Here, the gap-filling property of the sealing resin composition is not simply determined by the average particle diameter _d50 and the maximum peak diameter R of the inorganic filler. , Rmax, or R/Rmax are also important factors. Each of these factors will be described later.

The melt viscosity (high-flow viscosity) of the encapsulating resin composition is preferably 25 Pa·s or less, more preferably 20 Pa·s or less, still more preferably 15 Pa·s, from the viewpoint of obtaining good filling properties. It is below. Also, the lower limit of the melt viscosity is not limited, but can be, for example, 3 Pa·s or more.
Here, the melt viscosity (high-flow viscosity) of the encapsulating resin composition is the apparent viscosity η of the resin composition measured under the following conditions.
Using a flow tester CFT-500C manufactured by Shimadzu Corporation, the resin composition melted under the test conditions of temperature 175° C., load 40 kgf (piston area 1 cm ² ), die hole diameter 0.50 mm, and die length 1.00 mm. Measure the apparent viscosity η. This apparent viscosity η is calculated from the following formula. In addition, Q is the flow rate of the resin composition flowing per unit time. In addition, the smaller the value of the Koka flow viscosity, the lower the viscosity.

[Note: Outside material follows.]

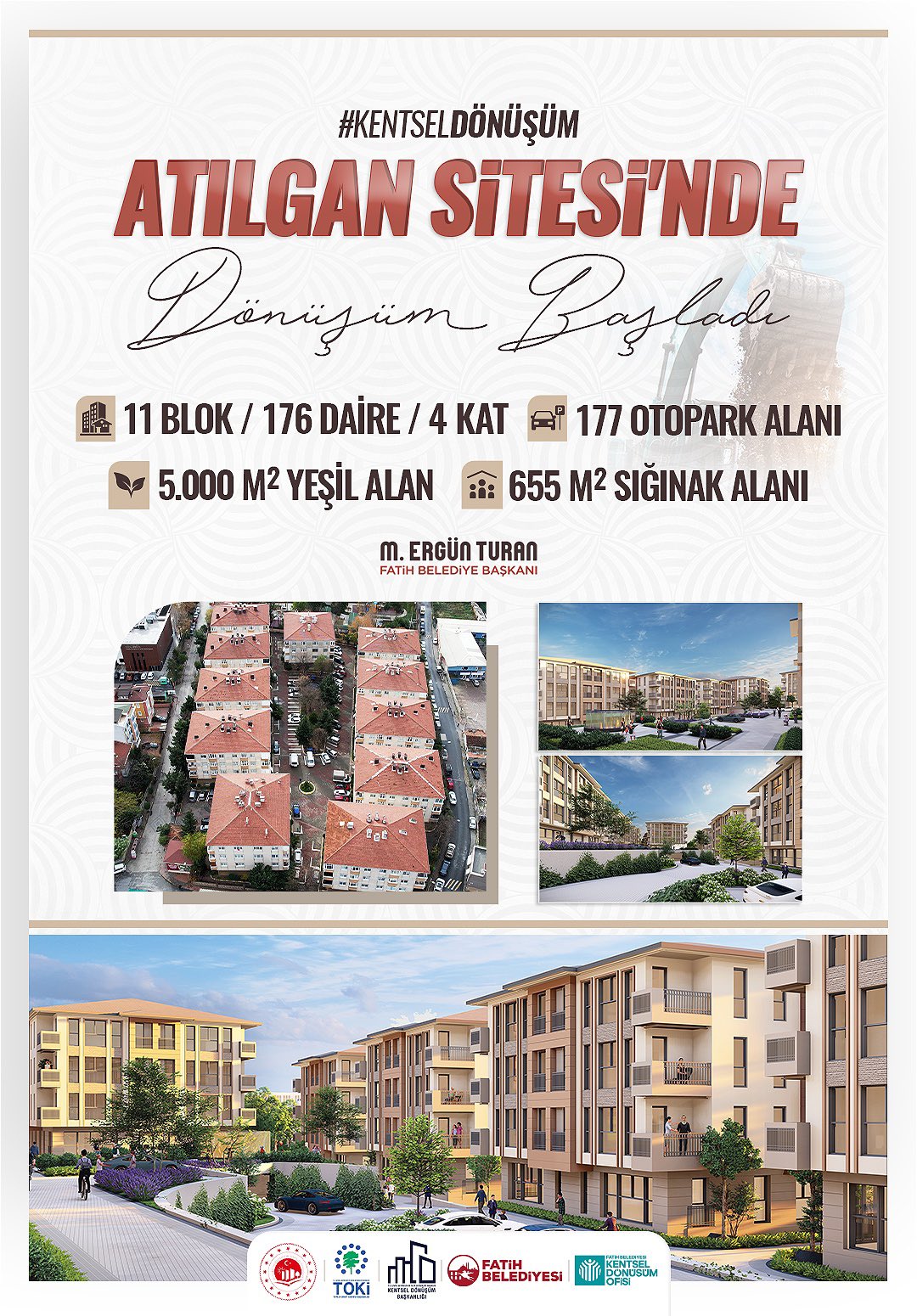 Yerinde dönüşüm kapsamında Atılgan Sitesi’nde 176 dairenin yerine yine 176 daire yapılacak. İlave nüfus artışı olmadan, daha güvenli ve modern yaşam alanları bölge halkına sunulacak.

η=(4πDP/128LQ)×10 ⁻³ (Pa·sec)
η: apparent viscosity D: die hole diameter (mm)
P: test pressure (Pa)
L: Die length (mm)
Q: flow rate (cm ³ /sec)

In the present embodiment, the spiral flow flow length of the encapsulating resin composition is preferably 40 cm or more, more preferably 40 cm or more, from the viewpoint of more effectively improving the filling property when molding the encapsulating resin composition. is 50 cm or more, more preferably 60 cm or more. Also, the upper limit of the spiral flow flow length is not limited, but can be, for example, 200 cm or less.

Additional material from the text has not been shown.